I feel the need to try something out and see if my body likes it. For a while I’ve been veggie on and off and I think my bod has reacted in interesting ways to the changes.
For the next six weeks I’m going vegan and wheat/gluten free – all is ready – things are being made right now. It’s not that difficult – so much is available and unless you are nut-intolerant, there are many possibilities and one or two international cuisines that can enable. But mostly, vegetables and fruit are the main ingredients. It’s difficult to get vegan and wheat-free ready-made things like sausages – so they are a treat.
I make my own bread, mostly, and will be doing entirely for this period of time. There are pittas in the freezer, Japanese crackers and oatcakes for immediate take-out and lunch breaks -and yes, they are all without wheat and gluten.

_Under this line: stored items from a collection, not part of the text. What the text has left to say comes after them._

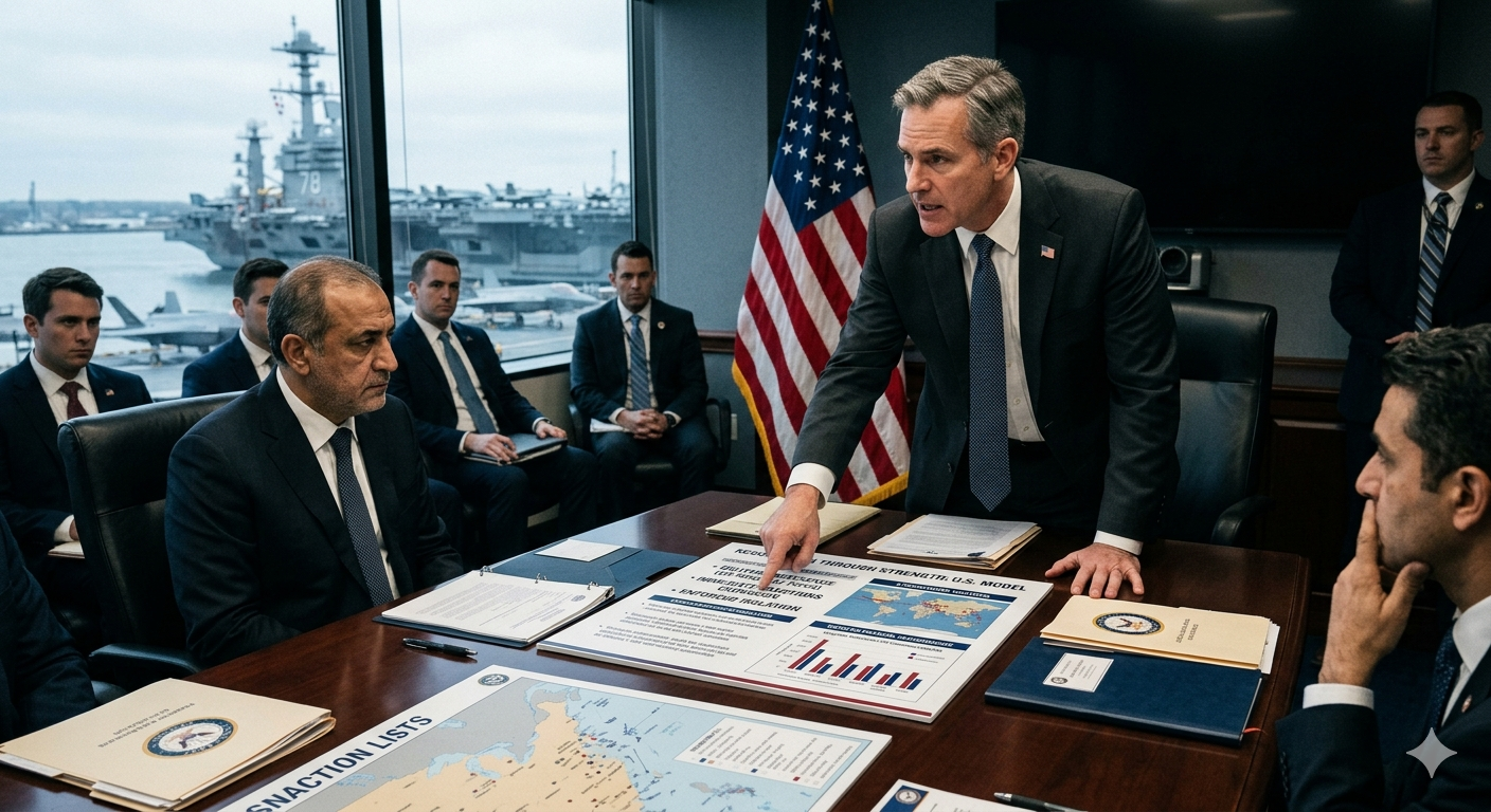 FAKTAPERISTIWANEWS.CO.ID – Dalam dinamika politik internasional modern, negosiasi tidak lagi semata-mata dilakukan melalui meja diplomasi yang tenang dan penuh kompromi. Dalam banyak kasus, Amerika Serikat mengembangkan pola negosiasi yang bertumpu pada dua instrumen utama, yaitu ancaman kekuatan militer dan pengetatan sanksi ekonomi, sebagai alat untuk menekan lawan agar menerima kepentingan strategis yang diinginkan. Model ini menunjukkan bahwa diplomasi tidak selalu berjalan melalui persuasi, tetapi juga melalui tekanan yang terukur.
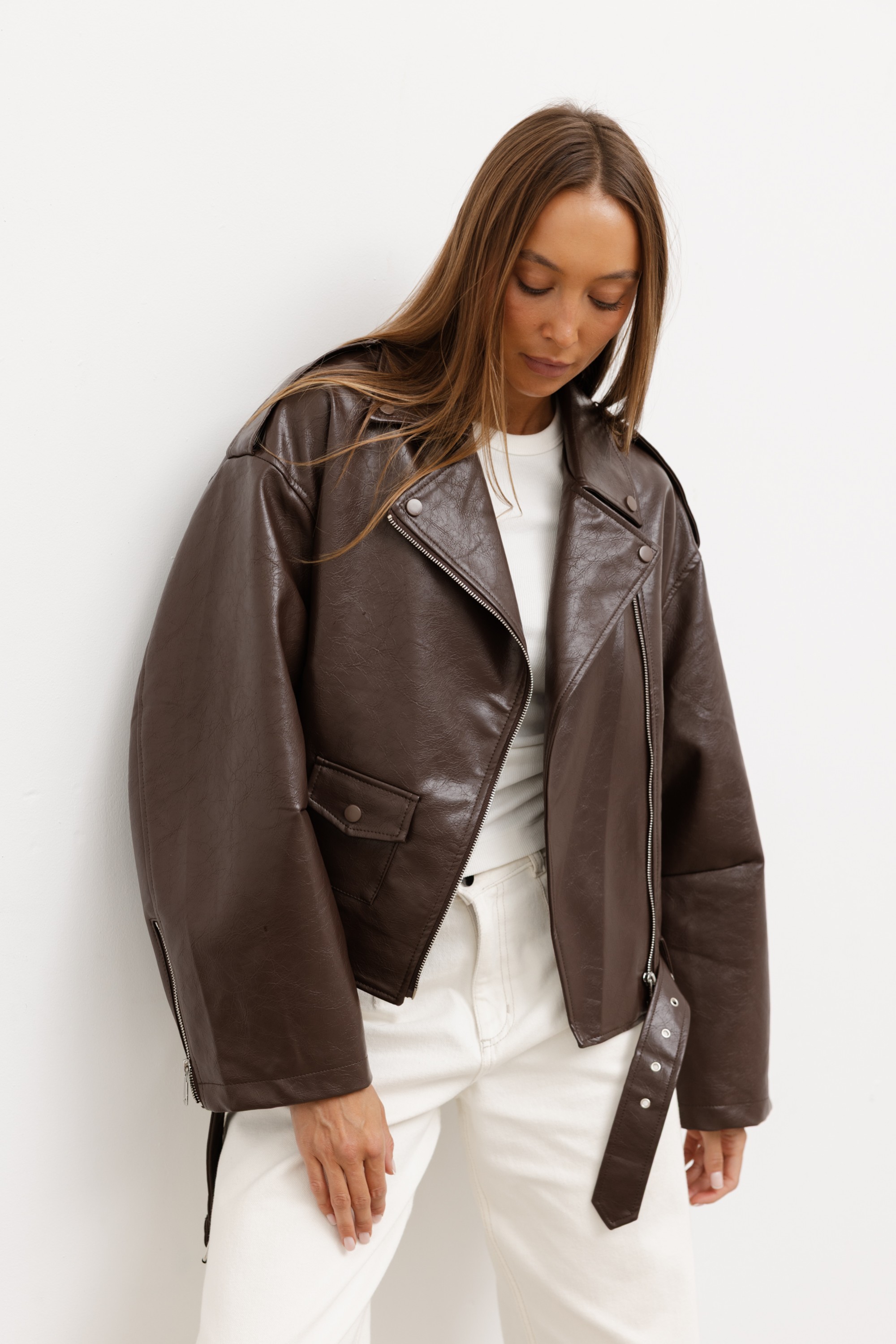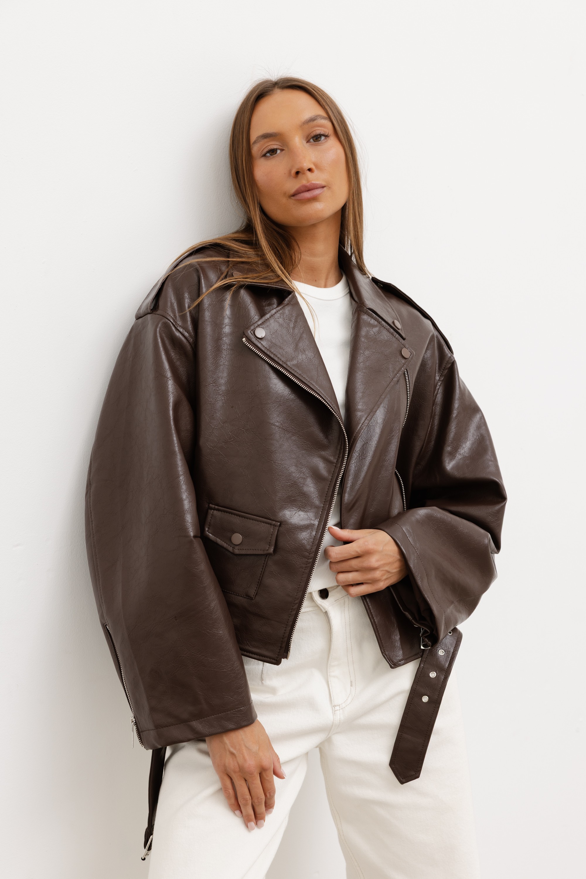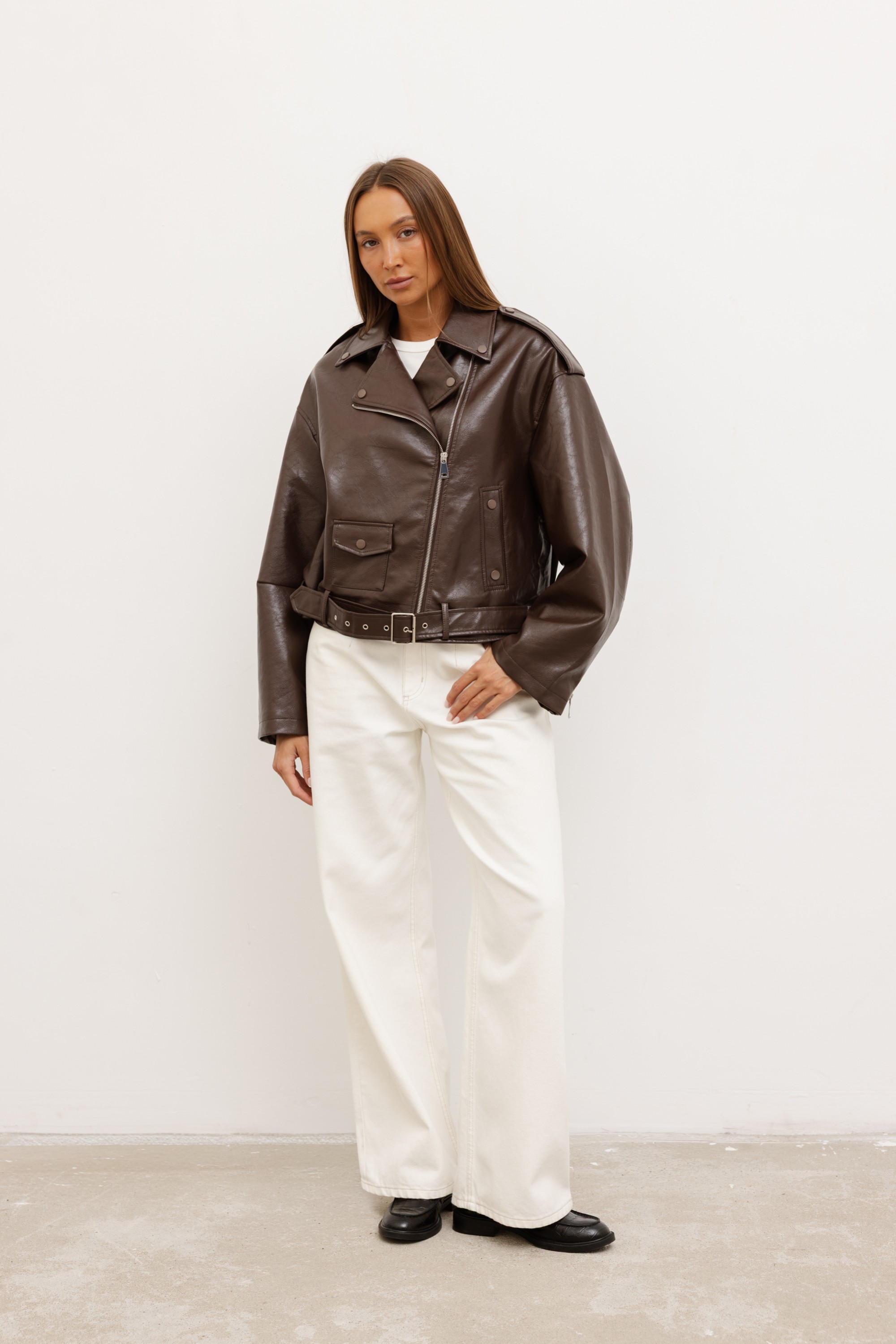 Klasyczna ramoneska w nowoczesnym wydaniu, uszyta z wysokiej jakości ekoskóry. Charakterystyczny krój z asymetrycznym zamkiem, dużymi klapami i paskiem w talii dodaje całości rockowego charakteru. Luźniejszy fason sprawia, że kurtka świetnie wygląda zarówno w casualowych, jak i bardziej wyrazistych stylizacjach.
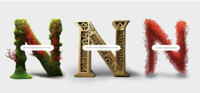 基于以上,Adobe 在这场发布会上直接带来两个大招,一个是根据文本提示 prompt 创建图像,对标 Midjourney、Stable Diffusion 这样传统的文本生成图像工具;一个是给文字加上 AI 生成的纹理和图案,类似于 AI 辅助的 WordArt。
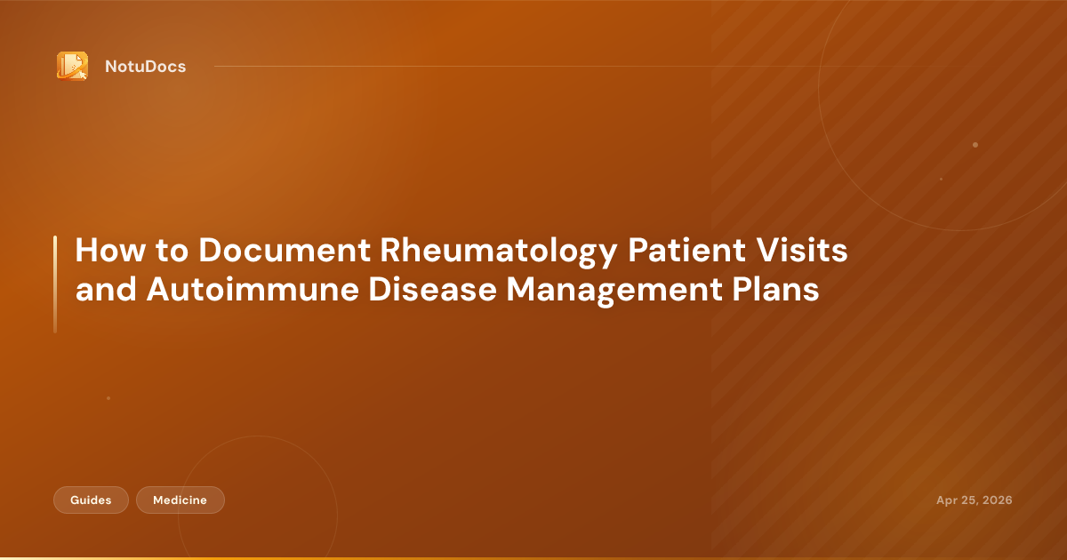 A rheumatology visit note does not look like a primary care note, and that distinction matters when you sit down to write one. The clinical picture in autoimmune disease changes slowly over months and years, with the trajectory best understood by comparing serial visits. A single note in isolation tells you relatively little. A well-structured series of notes tells you whether a patient's rheumatoid arthritis is in sustained remission, whether a biologic is working, and whether the treatment plan needs to change before the next joint destruction event.

My cottage bread today is spelt/no gluten/oatmeal and smells wonderful, even as I knead it. There’s an aubergine and black-eyed bean casserole (topped up with onion, garlic, celery, carrot, courgette, green beans, tomato puree, marjoram, bay leaf, chilli flakes, seasoning), to be served with a dollop of soy yoghurt.
An experimental fruit n root loaf of sorts is in the oven made of grated apple, carrot, parsnip, dried apricots, pomegranate seeds, orange pith, walnuts and binding ingredients including flax seeds gluten-free flour, almond milk, rolled oats. Will see how that turns out – it has risen, which is a good sign!